Telemedicine has proven to be very valuable, but both patients, their caregivers, and providers had to adjust to this new technology. Some were technologically unprepared, lacked camera hardware, or misunderstood the telemedicine process. Dropped calls took time to resolve and the first several minutes of calls were dedicated to technical support. Providers’ office staff spent hours every day with patients explaining telemedicine processes.

Fortunately, today, the challenges have been largely surmounted and telehealth has proven to be an unexpected ally in the pandemic. It allows us to maintain care conveniently and safely for all patients, while reducing the risk of virus transmission for those who must visit our office.

4. The Virtual Element

Telehealth has its limitations. A critical component of telehealth includes integrating a virtual tumor board solution. As cancer care teams have found in the past few months, virtual tumor board platforms drive care team engagement and support the dire need of multidisciplinary discussions—both of which are critical factors in the new normal of healthcare. Whether in-person or remote, everyone from pathologists and radiologists to specialists can review multiple patient cases in real time in a HIPAA-secure environment with the right solution.
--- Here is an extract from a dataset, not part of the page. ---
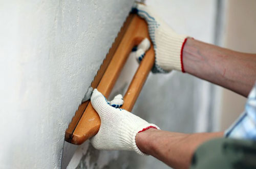 - le matériau est appliqué uniformément sur la surface des murs, sans dépasser l'épaisseur de couche de 2 à 3 mm, en remplissant étroitement toutes les zones de la base, de manière à ce qu'il ne brille pas à travers le revêtement;

A virtual solution can also help teams more efficiently address their patient backlogs while recovering lost revenue by increasing referrals, connecting patients to clinical trials, and managing accreditations.

For cancer tumor registrars, certain virtual solutions replace the manual and labor-intensive process of preparing for tumor board meetings. Significant reductions in preparation time save hospitals money and can help reduce the cost of care.
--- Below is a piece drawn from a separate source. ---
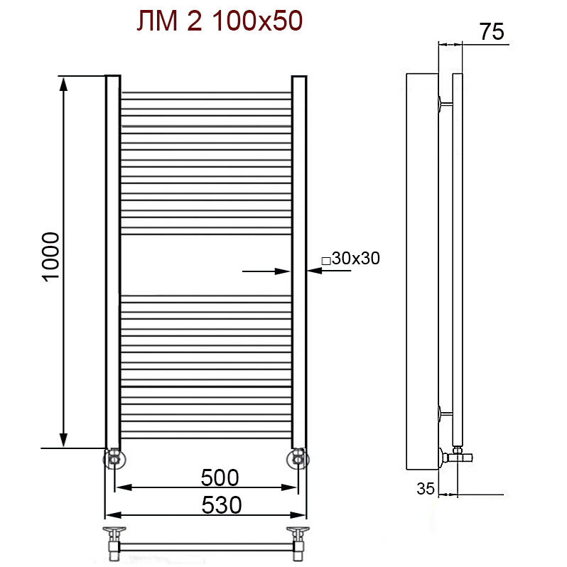 Водяной полотенцесушитель Modern ЛМ 2 100x50 Черный матовый с вентилями имеет стильный внешний вид, что позволит ему выигрышно выглядеть в любом помещении. Нестандартный цвет модели выделяет полотенцесушитель и делает его уникальным. Срок службы изделия более 20 лет благодаря прочному материалу, из которого изготовлена данная модель.

Kurtzman’s team uses OncoLens as their virtual tumor board solution. “At Waterbury Hospital, we quickly load cases, get radiology and pathology prepared, and keep a record of who presents. It’s really a great tool,” he adds.

The Future

The COVID-19 pandemic has permanently changed cancer care, just as it has permanently altered the healthcare industry in general. Ultimately, I believe these changes will benefit everyone—from our care team colleagues to patients and their caregivers. Through the efficiencies, clinical decision support, and convenience they enable, technologies such as telehealth and virtual multidisciplinary tumor boards will play an increasing role in care delivery  to better interact with and care for our communities.

Despite the negative impacts of the pandemic, COVID-19 did force rapid and potentially positive changes in a healthcare system that is traditionally slow to change. We expect that as the pandemic recedes these innovations in healthcare will have changed care delivery for the better.

Dr. Lijo Simpson is the chief medical officer and cofounder of OncoLens. He is a board-certified Hematologist and Medical Oncologist with Atlanta Cancer Care and practices at DeKalb Medical Center and Southern Regional Medical Center.